We have separate information about diet and nutrition

Tell your medical team if you can’t keep food or drink down so that they can help to ensure that you get the nutrients and liquid you need.

Limit food smells

  • Ask other people to prepare your meals for you.
  • Cook food in a microwave to minimise its smell.
  • Eat foods served at room temperature as hot foods tend to produce stronger smells than cooler foods.
  • Avoid or limit foods that have particularly strong smells.

Meals and snacks

  • Plan the best times to eat and drink based on when you generally feel least sick.
  • Eat food you like but avoid your most favourite foods in case you start to associate them with being sick.
  • Plain-tasting carbohydrates, such as toast, crackers, breadsticks, pretzels, rice, pasta, potatoes or noodles, can be easier to tolerate than greasy or very full-flavoured foods.
  • Don’t force yourself to eat anything that makes you feel sick.
  • Try adding ginger to your diet as this might help to alleviate sickness – for example, ginger beer, ginger tea, ginger biscuits, ginger cake or root ginger.
  • Eat a cracker or a dry biscuit before you get up if you feel sick in the mornings.
  • Don’t skip meals or snacks. Hunger can make sickness worse.
  • Try eating five or six small meals a day instead of three large meals. A full plate can feel overwhelming.
 

During treatment, fellow patients told me about ginger as being good for combatting nausea, so I used to sit and nibble ginger biscuits and have ginger tea when I got home, which I think made a bit of difference. I also found my appetite was very up and down and often completely disappeared in the days following treatment – it was a case of eating small things when I felt like it rather than worrying about set mealtimes.
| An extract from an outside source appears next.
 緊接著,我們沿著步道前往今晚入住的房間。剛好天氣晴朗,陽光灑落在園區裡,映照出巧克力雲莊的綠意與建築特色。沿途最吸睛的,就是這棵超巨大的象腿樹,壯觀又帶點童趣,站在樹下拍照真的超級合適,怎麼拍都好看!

Callum, affected by treatment-related nausea

Drinks

It is important to drink plenty of fluid, especially if you vomit. It helps to prevent dehydration so your body can function well and cope better with your treatment.
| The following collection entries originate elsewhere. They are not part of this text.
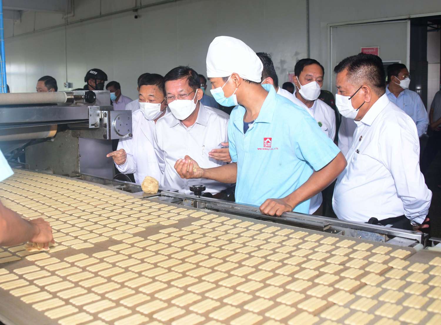 ဦးစွာ နိုင်ငံတော် စီမံအုပ်ချုပ်ရေး ကောင်စီ ဥက္ကဋ္ဌ နိုင်ငံတော် ဝန်ကြီးချုပ်နှင့် အဖွဲ့ဝင်များသည် ပြည်ကြီးတံခွန် မြို့နယ်ရှိ Super Mandalay Co.Ltd ၏ ဘုရင် ဘီစကစ်စက်ရုံသို့ ရောက်ရှိကြရာ လုပ်ငန်းရှင် ဦးမြင့်စိန်နှင့် အဖွဲ့ဝင်များက ကြိုဆိုနှုတ် ဆက်ကြသည်။ ထို့နောက်စက်ရုံအတွင်း ကုန်ကြမ်းအဆင့်မှထုပ်ပိုးမှုအထိ ကုန်ပစ္စည် များ အဆင့်ဆင့် ထုတ်လုပ်နေမှု အခြေအနေများကို လိုက်လံရှင်းလင်းပြသရာ နိုင်ငံတော် စီမံအုပ်ချုပ်ရေး ကောင်စီ ဥက္ကဋ္ဌ နိုင်ငံတော် ဝန်ကြီးချုပ်က သိရှိလိုသည်များ ပြန်လည်မေးမြန်း ဆွေးနွေး ပြောကြားသည်။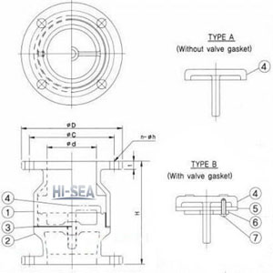 8.Drawing of Marine Cast Bronze Foot Valve JIS F3056 5k/10k: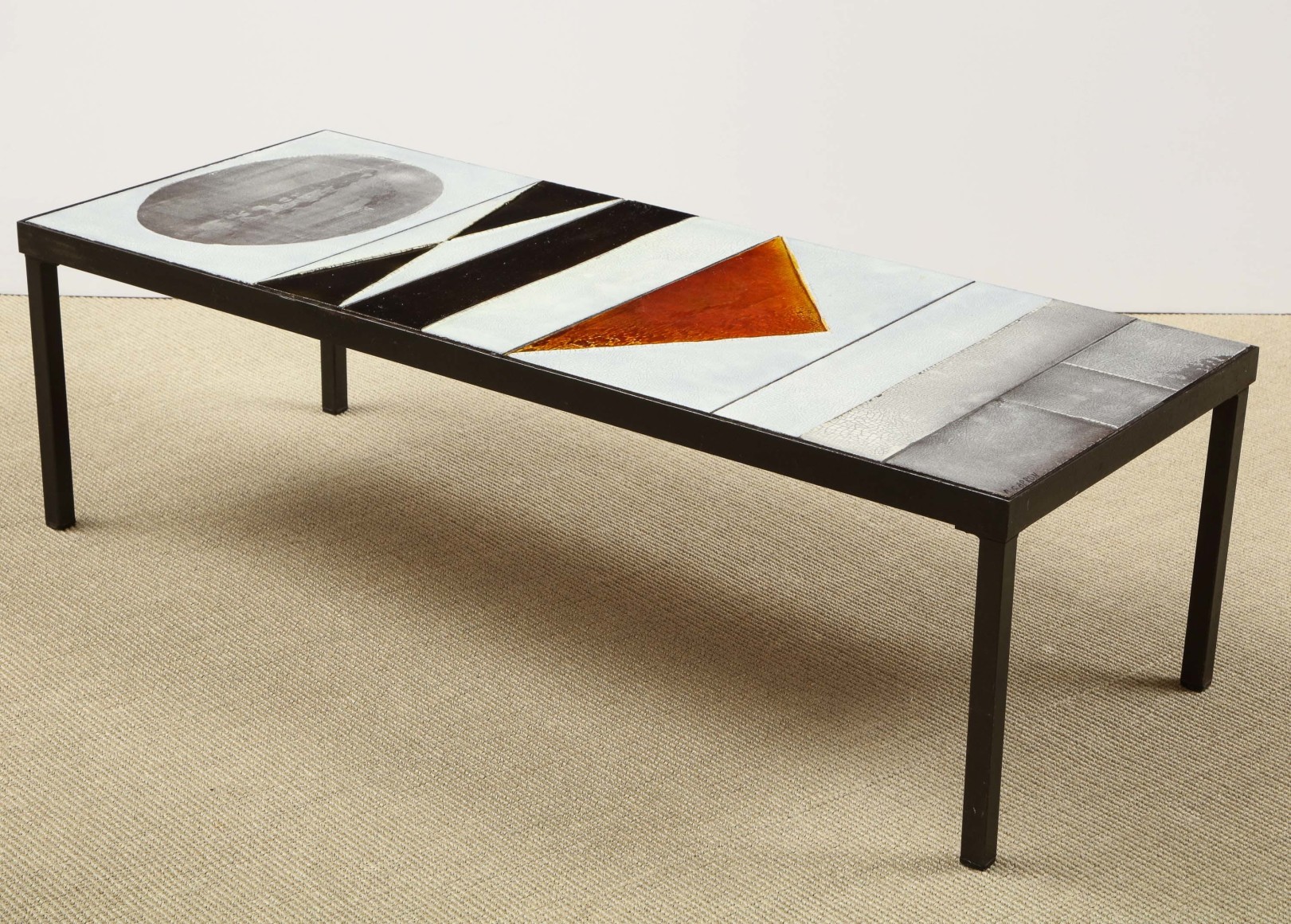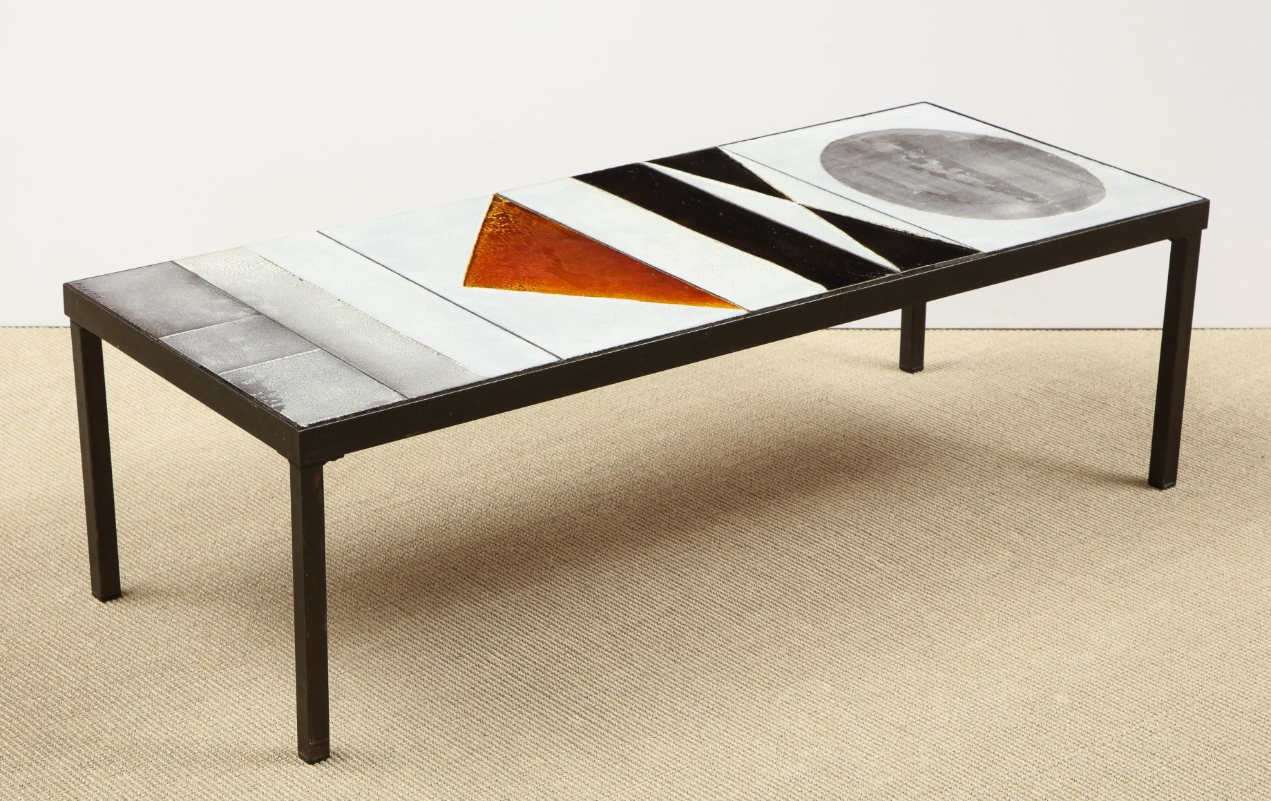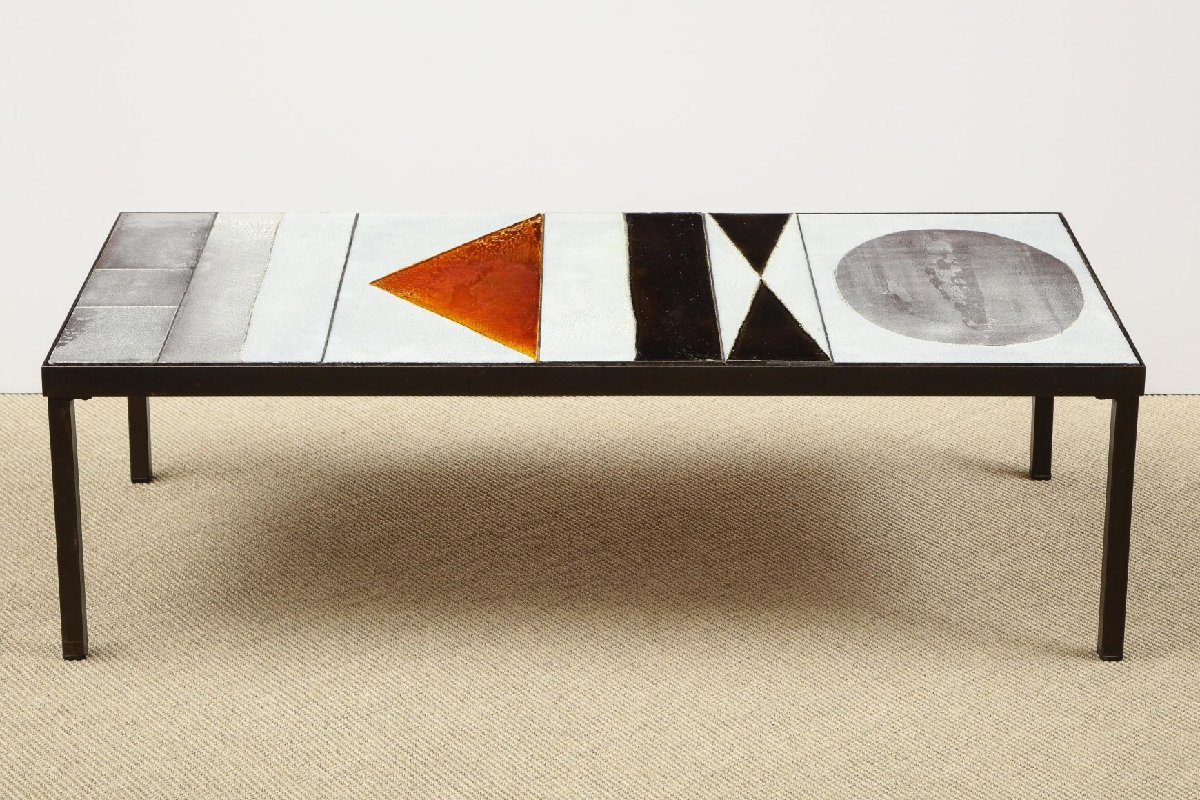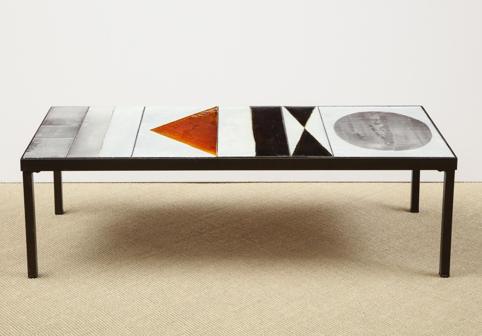 Rectangular low table with ceramic tile top by Roger Capron, France c. 1950

  • Drink slowly throughout the day – you could carry a bottle of drink with you when you are out and about.
  • Choose cool, citrus flavoured, fizzy drinks. These tend to be more soothing than still or hot drinks and can help to settle your stomach.
  • Sip drinks slowly through a straw if your treatment affects your sense of taste. This bypasses some of your taste buds.
  • Only drink small amounts at mealtimes to avoid feeling too full.